The first time I arrived at the court to obtain a restraining order, I was alone, without a lawyer. I was so confused, it isn’t that I didn’t know what I was going to do I did know, but the experience of entering a place like this… It was confusing and I recoiled. Thankfully there was a kind secretary at the reception, and she explained how the proceedings work. Afterward, I went into the hearing and requested what I needed and I received the restraining order immediately.
Really, I didn’t know what would be my path, I knew the situation was bad, and that I could not continue the way things were. But I didn’t consider myself as a divorcee, really not. On one hand, I didn’t know what I really wanted.
After perhaps two months, my husband began divorce proceedings. His objective was to force me to return home. There were discussions related to Shalom Bayit and other secondary issues. I asked for alimony but from the beginning, there was no discussion since this would “harm” our Shalom Bayit.
After a four-month separation, we both returned home. During this same period, I still did not know what I wanted for myself. My husband pressured me, other people who lived around us intervened, and the court encouraged us to return. They didn’t pressure us or tell us what to do, but they directed us to return home. They also recommended a therapist to guide us. If I’m not mistaken, they actually recommended three different therapists. Each time, my husband had a different complaint. The therapist wanted justification for the complaint, and each therapist wanted an opinion from the prior therapist.
So we were together again for half a year and during this time no decisions were made and our case was frozen. But, problems that always exist and are not treated become worse. After half a year, I again left home for the last time. I still didn’t intend to divorce. There was repeated violence from which I suffered until I was at the end of my rope. There was non-stop shouting, quarreling, and beatings. One time I had the courage to call my parents and tell them what happened. They came and took me with them. I was confused and helpless. I didn’t have any idea of what to do.
Less than three months after that we reopened the court case for both support and to arrange for protection. I’m not sure if at this point there was further discussion about Shalom Beit or divorce. I didn’t want any further connection with him, and yet when we spoke through intermediaries, I set the condition that should we ever return home, there would have to be extensive therapy.
During this time, I was in a zig-zag pattern, and he would agree and then not agree to go for therapy. The Beit Din was also involved but he wouldn’t take a stand. Whenever one of us would suggest the name of a therapist, the Beit Din said, “ok, go see him”, but if one of us was opposed the court said, “OK, you are opposed.” The court just went along with us.
After half a year, the court sent us to a division due to my husbands’ continued negativity. There we met with a social worker. Perhaps we met once or twice, I can’t exactly remember. The social worker helped me to understand there’s nothing for me to expect from this marriage. After half a year of deliberation and uncertainty, the concluding statement of the social worker was that the therapy I underwent myself showed that I really wasn’t interested in continuing the marriage.
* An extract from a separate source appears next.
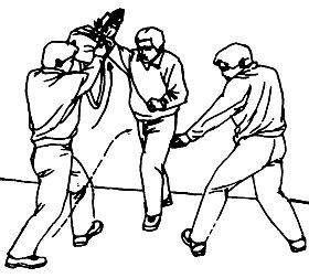 Требования: наносить встречный удар сумкой следует внезапно и быстро, пинать в пах и бить по глазам — точно, будьте очень осторожны относительно атаки кинжалом. Удар подошвой стопы назад, разворот туловищем, удар кулаком наотмашь следует выполнять быстро, координировать работу рук и ног.

I told this to the Beit Din and they scheduled a meeting for three months later. Only then did I decide to ask for a Get. I thought it was good that the procedure took so long because it gave me time to come to terms with my decision. From the moment I decided that I wanted a Get, I thought that it was good that this decision was not made in haste.
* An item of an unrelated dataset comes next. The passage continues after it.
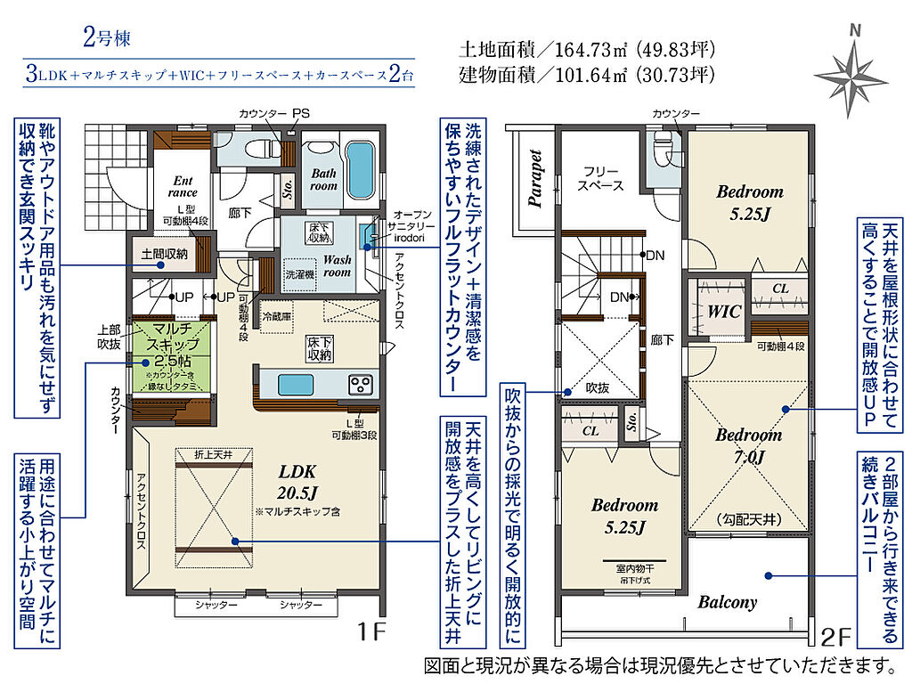 | 建物面積 | 100.75m2(約30.47坪)~101.64m2(約30.74坪) | 土地面積 | 164.73m2(約49.83坪)~173.57m2(約52.50坪) | ||

During the initial divorce proceeding, I remember that two of the judges really agreed with me. The third judge who was the head of the court tried to persuade us to make peace. He sat with me alone, then with my husband, and then with both of us together. At this point, it was clear that the marriage was over.
I made it very clear to the Judge, as best as I could but he tried to convince me otherwise. Luckily, he didn’t make a decision, but he tried.
During this time, the Head of Court changed. With the new Judge, I was certain that everything would be fine. He was caring and responsive. From that point on there was a hearing every three weeks. The judges worked very hard, and I felt that their purpose was to grant me a Get. They were obligated to do so. There were a few times, maybe three that my ex didn’t arrive and so he was slapped with a large fine. I understood from my lawyer that this was an unusual action. The next time, the fine would be increased so that he would give the get.
In general, the assistance I received from the Judges was excellent. I understand that this specific Beit Din was excellent, but in other cases, it is completely different. I felt I was heard, and they really read the material before coming to judgment, especially since I wasn’t new to them. I felt they weren’t just going through the motions and that was it. They did this wholeheartedly. I felt I was treated fairly, and I wasn’t forced to do something I didn’t want to do.
Finally, there was agreement. But on the day of the Get, we were in court 8 hours; hours of rough fighting, because he didn’t want to give me the Get. This was horrible. We enlisted the help of some judges to speak to him, and some of his family that they should speak with him, and the Court went through a great deal of effort. One of the Judges desperately tried to get him to grant the divorce, he worked so patiently.
Today I am finally divorced for three months.